At Val di Fiemme on Friday (8th), Diggins finished ninth in the 10 km Classical Mass Start, with remaining races on Saturday (1.3 km Classical Sprint) and Sunday (10 km Final Climb Mass Start). No American has ever won the Tour de Ski.

This series, now in its 15th edition, has been dominated by Norwegian skiers, who dropped out in December after requesting that only five events be held (instead of eight) in view of the coronavirus.

Water Polo ● An online petition launched by four former U.S. Olympians or alternates is calling for the dismissal of USA Water Polo Board Chair Michael Graff and chief executive Chris Ramsey, based on reports in the Orange County Register of their responses to allegations of abuse by a coach in 2017 and of a USA Water Polo official from 2009-15.

As of mid-day Friday, the petition had 661 signatures vs. the USA Water Polo membership total of about 45,000. The federation released a statement noting its concern over the veracity of the petition, including

“We have learned from a member of our staff that she was added as a signatory to this petition without her permission.
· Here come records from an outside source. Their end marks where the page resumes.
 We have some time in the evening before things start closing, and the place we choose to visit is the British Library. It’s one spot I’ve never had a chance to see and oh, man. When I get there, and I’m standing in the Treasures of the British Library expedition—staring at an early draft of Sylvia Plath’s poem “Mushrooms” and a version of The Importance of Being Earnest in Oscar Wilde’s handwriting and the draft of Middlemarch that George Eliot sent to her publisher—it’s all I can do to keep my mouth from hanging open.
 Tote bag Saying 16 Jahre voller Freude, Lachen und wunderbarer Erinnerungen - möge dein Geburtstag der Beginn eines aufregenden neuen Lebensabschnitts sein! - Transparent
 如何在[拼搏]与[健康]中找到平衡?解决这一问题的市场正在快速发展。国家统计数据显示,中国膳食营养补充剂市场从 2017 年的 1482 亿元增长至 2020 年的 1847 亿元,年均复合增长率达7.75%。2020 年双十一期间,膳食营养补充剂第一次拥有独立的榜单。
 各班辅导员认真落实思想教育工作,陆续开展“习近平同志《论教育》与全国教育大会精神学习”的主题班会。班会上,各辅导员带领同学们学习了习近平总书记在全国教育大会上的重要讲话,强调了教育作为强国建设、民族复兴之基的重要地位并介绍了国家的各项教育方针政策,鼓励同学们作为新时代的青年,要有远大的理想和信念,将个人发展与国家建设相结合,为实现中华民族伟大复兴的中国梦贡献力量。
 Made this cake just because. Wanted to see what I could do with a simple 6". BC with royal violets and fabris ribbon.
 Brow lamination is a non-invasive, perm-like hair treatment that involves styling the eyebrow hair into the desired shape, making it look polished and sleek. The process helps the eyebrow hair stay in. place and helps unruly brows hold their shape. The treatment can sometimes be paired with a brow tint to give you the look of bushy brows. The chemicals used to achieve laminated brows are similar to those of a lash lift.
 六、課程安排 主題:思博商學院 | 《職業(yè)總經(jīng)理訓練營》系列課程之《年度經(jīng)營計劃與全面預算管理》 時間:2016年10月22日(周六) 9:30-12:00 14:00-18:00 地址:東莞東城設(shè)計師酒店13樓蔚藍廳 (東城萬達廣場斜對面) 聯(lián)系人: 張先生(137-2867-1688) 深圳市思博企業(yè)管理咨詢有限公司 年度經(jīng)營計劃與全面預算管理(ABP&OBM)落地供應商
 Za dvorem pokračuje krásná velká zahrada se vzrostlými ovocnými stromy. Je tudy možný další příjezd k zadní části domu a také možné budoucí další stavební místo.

In light of this, we have serious concerns about the agenda of the parties behind the petition and whether the parties purportedly supporting the petition in fact do so. As a consequence, we have launched an investigation regarding the petition.”

USA Water Polo’s annual meeting will be held on 30 January 2021; just as important – or more so – will be the reaction of the U.S. Olympic & Paralympic Committee, which is already keenly scrutinizing all of the National Governing Bodies for compliance with the U.S. Center for SafeSport requirements and procedures.

Games of the XXXIII Olympiad: Paris 2024 ● The “not in my backyard” or “NIMBY” syndrome is hardly limited to the U.S., as Agence France Presse reported a new lawsuit by opponents of the to-be-built media village for the 2024 Games in a portion of Georges Valbon Park in the Seine-Saint-Denis section of the city.

An environmental group and 12 park users filed the action against the Departmental Council of Saint-Denis, which approved the land sale for development. The project will create 1,300 homes and shops in the area, which needs housing. Some 32 acres (13 hec.) are to be cleaned up and converted to new parkland; the Georges Valbon Park is enormous, spanning 1,030 acres (417 hec.), compared to 840 acres for Central Park in New York!

AFP reported that “The summary suspension must be studied by the administrative court of appeal of Paris, competent for disputes related to the Olympic Games-2024.”